WORK TO COMPLETE — From the entries that follow, reproduce exactly and only the lines from the line with "German gold record" to the line with "طول راندهای خود", endpoints included.

MATERIAL FOR THE TASK —
_ _ _ _

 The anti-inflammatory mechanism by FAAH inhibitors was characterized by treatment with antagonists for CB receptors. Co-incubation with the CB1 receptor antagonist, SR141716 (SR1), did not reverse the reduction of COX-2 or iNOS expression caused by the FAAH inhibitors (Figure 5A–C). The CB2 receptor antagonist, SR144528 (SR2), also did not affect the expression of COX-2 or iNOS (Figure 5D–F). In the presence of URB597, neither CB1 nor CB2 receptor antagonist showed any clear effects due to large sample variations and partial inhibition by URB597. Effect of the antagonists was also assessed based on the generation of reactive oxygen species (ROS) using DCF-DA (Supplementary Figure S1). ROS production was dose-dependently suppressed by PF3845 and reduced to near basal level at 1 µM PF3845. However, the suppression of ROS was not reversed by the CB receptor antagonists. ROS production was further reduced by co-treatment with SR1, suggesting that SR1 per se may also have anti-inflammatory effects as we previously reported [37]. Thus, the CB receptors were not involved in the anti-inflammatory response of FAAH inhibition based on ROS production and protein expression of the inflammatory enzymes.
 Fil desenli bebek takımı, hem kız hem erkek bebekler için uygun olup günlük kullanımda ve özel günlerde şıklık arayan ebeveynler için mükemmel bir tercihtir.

_ _ _ _

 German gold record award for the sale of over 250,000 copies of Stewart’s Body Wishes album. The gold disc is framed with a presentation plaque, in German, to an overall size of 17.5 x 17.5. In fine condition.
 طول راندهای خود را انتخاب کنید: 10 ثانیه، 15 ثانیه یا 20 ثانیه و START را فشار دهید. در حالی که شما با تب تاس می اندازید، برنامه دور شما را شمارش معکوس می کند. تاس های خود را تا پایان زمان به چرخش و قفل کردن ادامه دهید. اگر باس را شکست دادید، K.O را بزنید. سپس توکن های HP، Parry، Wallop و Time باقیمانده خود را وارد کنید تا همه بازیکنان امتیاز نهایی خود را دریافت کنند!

_ _ _ _

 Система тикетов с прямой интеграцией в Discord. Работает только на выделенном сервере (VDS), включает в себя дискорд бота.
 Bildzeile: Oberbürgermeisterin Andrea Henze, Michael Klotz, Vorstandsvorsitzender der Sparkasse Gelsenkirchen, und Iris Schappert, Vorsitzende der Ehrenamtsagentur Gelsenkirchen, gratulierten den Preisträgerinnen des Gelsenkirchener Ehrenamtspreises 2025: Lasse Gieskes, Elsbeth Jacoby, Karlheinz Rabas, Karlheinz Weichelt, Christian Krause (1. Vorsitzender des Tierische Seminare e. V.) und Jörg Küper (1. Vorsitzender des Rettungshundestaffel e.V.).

_ _ _ _

TASK OUTPUT —
 German gold record award for the sale of over 250,000 copies of Stewart’s Body Wishes album. The gold disc is framed with a presentation plaque, in German, to an overall size of 17.5 x 17.5. In fine condition.
 طول راندهای خود را انتخاب کنید: 10 ثانیه، 15 ثانیه یا 20 ثانیه و START را فشار دهید. در حالی که شما با تب تاس می اندازید، برنامه دور شما را شمارش معکوس می کند. تاس های خود را تا پایان زمان به چرخش و قفل کردن ادامه دهید. اگر باس را شکست دادید، K.O را بزنید. سپس توکن های HP، Parry، Wallop و Time باقیمانده خود را وارد کنید تا همه بازیکنان امتیاز نهایی خود را دریافت کنند!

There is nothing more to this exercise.